**Listed records:**
************
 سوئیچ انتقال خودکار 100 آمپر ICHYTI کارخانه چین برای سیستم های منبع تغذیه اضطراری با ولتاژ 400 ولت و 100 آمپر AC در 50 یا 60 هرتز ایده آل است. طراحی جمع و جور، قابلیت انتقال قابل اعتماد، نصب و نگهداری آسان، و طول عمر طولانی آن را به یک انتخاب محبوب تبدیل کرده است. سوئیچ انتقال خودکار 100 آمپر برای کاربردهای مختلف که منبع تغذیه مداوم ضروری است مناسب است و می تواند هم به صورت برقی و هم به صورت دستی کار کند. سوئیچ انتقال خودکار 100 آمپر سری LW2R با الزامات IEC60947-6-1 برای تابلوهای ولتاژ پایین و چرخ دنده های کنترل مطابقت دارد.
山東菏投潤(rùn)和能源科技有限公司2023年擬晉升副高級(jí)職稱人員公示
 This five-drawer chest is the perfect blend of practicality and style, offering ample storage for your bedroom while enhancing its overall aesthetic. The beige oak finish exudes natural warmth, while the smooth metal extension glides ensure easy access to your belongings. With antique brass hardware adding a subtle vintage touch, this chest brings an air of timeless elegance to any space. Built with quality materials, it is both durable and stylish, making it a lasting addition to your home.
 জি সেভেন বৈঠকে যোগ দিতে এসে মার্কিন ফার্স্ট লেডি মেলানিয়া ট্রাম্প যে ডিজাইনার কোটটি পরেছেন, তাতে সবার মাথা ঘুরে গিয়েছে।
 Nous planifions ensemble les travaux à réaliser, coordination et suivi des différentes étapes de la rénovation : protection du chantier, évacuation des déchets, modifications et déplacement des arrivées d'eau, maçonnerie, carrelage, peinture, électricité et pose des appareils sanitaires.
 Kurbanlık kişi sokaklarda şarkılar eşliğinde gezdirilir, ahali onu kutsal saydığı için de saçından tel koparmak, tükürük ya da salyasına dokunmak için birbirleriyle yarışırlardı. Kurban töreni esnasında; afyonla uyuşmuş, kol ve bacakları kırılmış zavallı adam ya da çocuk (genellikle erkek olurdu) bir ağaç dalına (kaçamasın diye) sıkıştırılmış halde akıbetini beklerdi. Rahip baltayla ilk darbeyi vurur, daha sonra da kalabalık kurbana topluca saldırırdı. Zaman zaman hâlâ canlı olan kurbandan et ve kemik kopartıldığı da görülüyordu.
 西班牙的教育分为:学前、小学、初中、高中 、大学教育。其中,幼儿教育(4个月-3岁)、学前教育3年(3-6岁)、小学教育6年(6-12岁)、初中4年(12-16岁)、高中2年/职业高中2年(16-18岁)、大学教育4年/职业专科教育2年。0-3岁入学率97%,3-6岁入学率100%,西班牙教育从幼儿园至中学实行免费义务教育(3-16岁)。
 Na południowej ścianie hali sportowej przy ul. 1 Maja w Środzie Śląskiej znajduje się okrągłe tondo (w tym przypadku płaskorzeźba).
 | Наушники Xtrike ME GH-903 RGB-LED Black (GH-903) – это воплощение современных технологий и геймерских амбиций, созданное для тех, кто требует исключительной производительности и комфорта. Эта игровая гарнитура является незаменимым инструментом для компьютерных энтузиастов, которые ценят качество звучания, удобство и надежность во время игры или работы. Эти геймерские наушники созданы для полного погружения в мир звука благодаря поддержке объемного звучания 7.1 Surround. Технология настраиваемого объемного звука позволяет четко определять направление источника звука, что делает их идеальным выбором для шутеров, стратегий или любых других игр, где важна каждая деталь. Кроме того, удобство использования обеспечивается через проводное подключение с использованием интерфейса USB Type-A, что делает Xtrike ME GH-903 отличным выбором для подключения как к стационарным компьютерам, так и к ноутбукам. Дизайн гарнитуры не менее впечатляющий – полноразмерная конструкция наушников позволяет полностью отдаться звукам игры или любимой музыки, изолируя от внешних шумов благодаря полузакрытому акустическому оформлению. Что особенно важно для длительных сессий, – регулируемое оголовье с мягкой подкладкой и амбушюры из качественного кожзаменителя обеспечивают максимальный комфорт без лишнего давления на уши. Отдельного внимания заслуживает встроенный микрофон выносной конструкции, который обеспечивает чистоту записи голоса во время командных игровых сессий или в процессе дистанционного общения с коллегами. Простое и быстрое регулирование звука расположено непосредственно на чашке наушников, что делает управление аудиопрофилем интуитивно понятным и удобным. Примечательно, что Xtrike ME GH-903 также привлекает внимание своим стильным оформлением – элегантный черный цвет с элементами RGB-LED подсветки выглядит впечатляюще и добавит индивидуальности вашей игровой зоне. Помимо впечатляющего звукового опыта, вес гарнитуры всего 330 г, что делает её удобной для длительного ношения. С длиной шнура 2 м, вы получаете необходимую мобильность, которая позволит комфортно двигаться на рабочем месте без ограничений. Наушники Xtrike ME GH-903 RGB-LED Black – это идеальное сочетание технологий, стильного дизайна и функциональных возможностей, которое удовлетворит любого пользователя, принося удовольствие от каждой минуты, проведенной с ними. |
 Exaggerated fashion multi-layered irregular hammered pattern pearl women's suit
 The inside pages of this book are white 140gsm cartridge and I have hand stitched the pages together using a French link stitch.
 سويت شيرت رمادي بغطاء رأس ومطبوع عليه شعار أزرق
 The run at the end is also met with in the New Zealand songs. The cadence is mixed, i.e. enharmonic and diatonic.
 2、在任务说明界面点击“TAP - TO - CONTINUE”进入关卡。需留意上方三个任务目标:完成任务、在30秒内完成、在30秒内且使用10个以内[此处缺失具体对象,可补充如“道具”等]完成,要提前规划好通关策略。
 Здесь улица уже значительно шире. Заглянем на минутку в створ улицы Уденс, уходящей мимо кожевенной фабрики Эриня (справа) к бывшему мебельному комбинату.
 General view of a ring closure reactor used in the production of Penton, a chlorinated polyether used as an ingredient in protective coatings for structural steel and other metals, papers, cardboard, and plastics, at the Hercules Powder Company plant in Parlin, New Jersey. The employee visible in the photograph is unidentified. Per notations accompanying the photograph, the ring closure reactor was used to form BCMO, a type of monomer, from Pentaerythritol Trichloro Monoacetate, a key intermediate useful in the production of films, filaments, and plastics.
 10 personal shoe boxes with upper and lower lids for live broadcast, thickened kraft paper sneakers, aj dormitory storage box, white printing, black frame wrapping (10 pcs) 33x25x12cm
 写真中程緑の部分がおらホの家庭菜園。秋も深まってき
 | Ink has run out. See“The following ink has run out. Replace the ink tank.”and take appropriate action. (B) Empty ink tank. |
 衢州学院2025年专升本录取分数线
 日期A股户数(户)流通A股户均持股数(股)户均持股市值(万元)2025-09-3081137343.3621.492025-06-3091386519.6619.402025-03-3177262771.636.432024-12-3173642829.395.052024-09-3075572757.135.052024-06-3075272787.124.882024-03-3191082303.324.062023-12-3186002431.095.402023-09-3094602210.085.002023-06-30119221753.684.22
************
Each line of the records must be reproduced exactly.

 سوئیچ انتقال خودکار 100 آمپر ICHYTI کارخانه چین برای سیستم های منبع تغذیه اضطراری با ولتاژ 400 ولت و 100 آمپر AC در 50 یا 60 هرتز ایده آل است. طراحی جمع و جور، قابلیت انتقال قابل اعتماد، نصب و نگهداری آسان، و طول عمر طولانی آن را به یک انتخاب محبوب تبدیل کرده است. سوئیچ انتقال خودکار 100 آمپر برای کاربردهای مختلف که منبع تغذیه مداوم ضروری است مناسب است و می تواند هم به صورت برقی و هم به صورت دستی کار کند. سوئیچ انتقال خودکار 100 آمپر سری LW2R با الزامات IEC60947-6-1 برای تابلوهای ولتاژ پایین و چرخ دنده های کنترل مطابقت دارد.
山東菏投潤(rùn)和能源科技有限公司2023年擬晉升副高級(jí)職稱人員公示
 This five-drawer chest is the perfect blend of practicality and style, offering ample storage for your bedroom while enhancing its overall aesthetic. The beige oak finish exudes natural warmth, while the smooth metal extension glides ensure easy access to your belongings. With antique brass hardware adding a subtle vintage touch, this chest brings an air of timeless elegance to any space. Built with quality materials, it is both durable and stylish, making it a lasting addition to your home.
 জি সেভেন বৈঠকে যোগ দিতে এসে মার্কিন ফার্স্ট লেডি মেলানিয়া ট্রাম্প যে ডিজাইনার কোটটি পরেছেন, তাতে সবার মাথা ঘুরে গিয়েছে।
 Nous planifions ensemble les travaux à réaliser, coordination et suivi des différentes étapes de la rénovation : protection du chantier, évacuation des déchets, modifications et déplacement des arrivées d'eau, maçonnerie, carrelage, peinture, électricité et pose des appareils sanitaires.
 Kurbanlık kişi sokaklarda şarkılar eşliğinde gezdirilir, ahali onu kutsal saydığı için de saçından tel koparmak, tükürük ya da salyasına dokunmak için birbirleriyle yarışırlardı. Kurban töreni esnasında; afyonla uyuşmuş, kol ve bacakları kırılmış zavallı adam ya da çocuk (genellikle erkek olurdu) bir ağaç dalına (kaçamasın diye) sıkıştırılmış halde akıbetini beklerdi. Rahip baltayla ilk darbeyi vurur, daha sonra da kalabalık kurbana topluca saldırırdı. Zaman zaman hâlâ canlı olan kurbandan et ve kemik kopartıldığı da görülüyordu.
 西班牙的教育分为:学前、小学、初中、高中 、大学教育。其中,幼儿教育(4个月-3岁)、学前教育3年(3-6岁)、小学教育6年(6-12岁)、初中4年(12-16岁)、高中2年/职业高中2年(16-18岁)、大学教育4年/职业专科教育2年。0-3岁入学率97%,3-6岁入学率100%,西班牙教育从幼儿园至中学实行免费义务教育(3-16岁)。
 Na południowej ścianie hali sportowej przy ul. 1 Maja w Środzie Śląskiej znajduje się okrągłe tondo (w tym przypadku płaskorzeźba).
 | Наушники Xtrike ME GH-903 RGB-LED Black (GH-903) – это воплощение современных технологий и геймерских амбиций, созданное для тех, кто требует исключительной производительности и комфорта. Эта игровая гарнитура является незаменимым инструментом для компьютерных энтузиастов, которые ценят качество звучания, удобство и надежность во время игры или работы. Эти геймерские наушники созданы для полного погружения в мир звука благодаря поддержке объемного звучания 7.1 Surround. Технология настраиваемого объемного звука позволяет четко определять направление источника звука, что делает их идеальным выбором для шутеров, стратегий или любых других игр, где важна каждая деталь. Кроме того, удобство использования обеспечивается через проводное подключение с использованием интерфейса USB Type-A, что делает Xtrike ME GH-903 отличным выбором для подключения как к стационарным компьютерам, так и к ноутбукам. Дизайн гарнитуры не менее впечатляющий – полноразмерная конструкция наушников позволяет полностью отдаться звукам игры или любимой музыки, изолируя от внешних шумов благодаря полузакрытому акустическому оформлению. Что особенно важно для длительных сессий, – регулируемое оголовье с мягкой подкладкой и амбушюры из качественного кожзаменителя обеспечивают максимальный комфорт без лишнего давления на уши. Отдельного внимания заслуживает встроенный микрофон выносной конструкции, который обеспечивает чистоту записи голоса во время командных игровых сессий или в процессе дистанционного общения с коллегами. Простое и быстрое регулирование звука расположено непосредственно на чашке наушников, что делает управление аудиопрофилем интуитивно понятным и удобным. Примечательно, что Xtrike ME GH-903 также привлекает внимание своим стильным оформлением – элегантный черный цвет с элементами RGB-LED подсветки выглядит впечатляюще и добавит индивидуальности вашей игровой зоне. Помимо впечатляющего звукового опыта, вес гарнитуры всего 330 г, что делает её удобной для длительного ношения. С длиной шнура 2 м, вы получаете необходимую мобильность, которая позволит комфортно двигаться на рабочем месте без ограничений. Наушники Xtrike ME GH-903 RGB-LED Black – это идеальное сочетание технологий, стильного дизайна и функциональных возможностей, которое удовлетворит любого пользователя, принося удовольствие от каждой минуты, проведенной с ними. |
 Exaggerated fashion multi-layered irregular hammered pattern pearl women's suit
 The inside pages of this book are white 140gsm cartridge and I have hand stitched the pages together using a French link stitch.
 سويت شيرت رمادي بغطاء رأس ومطبوع عليه شعار أزرق
 The run at the end is also met with in the New Zealand songs. The cadence is mixed, i.e. enharmonic and diatonic.
 2、在任务说明界面点击“TAP - TO - CONTINUE”进入关卡。需留意上方三个任务目标:完成任务、在30秒内完成、在30秒内且使用10个以内[此处缺失具体对象,可补充如“道具”等]完成,要提前规划好通关策略。
 Здесь улица уже значительно шире. Заглянем на минутку в створ улицы Уденс, уходящей мимо кожевенной фабрики Эриня (справа) к бывшему мебельному комбинату.
 General view of a ring closure reactor used in the production of Penton, a chlorinated polyether used as an ingredient in protective coatings for structural steel and other metals, papers, cardboard, and plastics, at the Hercules Powder Company plant in Parlin, New Jersey. The employee visible in the photograph is unidentified. Per notations accompanying the photograph, the ring closure reactor was used to form BCMO, a type of monomer, from Pentaerythritol Trichloro Monoacetate, a key intermediate useful in the production of films, filaments, and plastics.
 10 personal shoe boxes with upper and lower lids for live broadcast, thickened kraft paper sneakers, aj dormitory storage box, white printing, black frame wrapping (10 pcs) 33x25x12cm
 写真中程緑の部分がおらホの家庭菜園。秋も深まってき
 | Ink has run out. See“The following ink has run out. Replace the ink tank.”and take appropriate action. (B) Empty ink tank. |
 衢州学院2025年专升本录取分数线
 日期A股户数(户)流通A股户均持股数(股)户均持股市值(万元)2025-09-3081137343.3621.492025-06-3091386519.6619.402025-03-3177262771.636.432024-12-3173642829.395.052024-09-3075572757.135.052024-06-3075272787.124.882024-03-3191082303.324.062023-12-3186002431.095.402023-09-3094602210.085.002023-06-30119221753.684.22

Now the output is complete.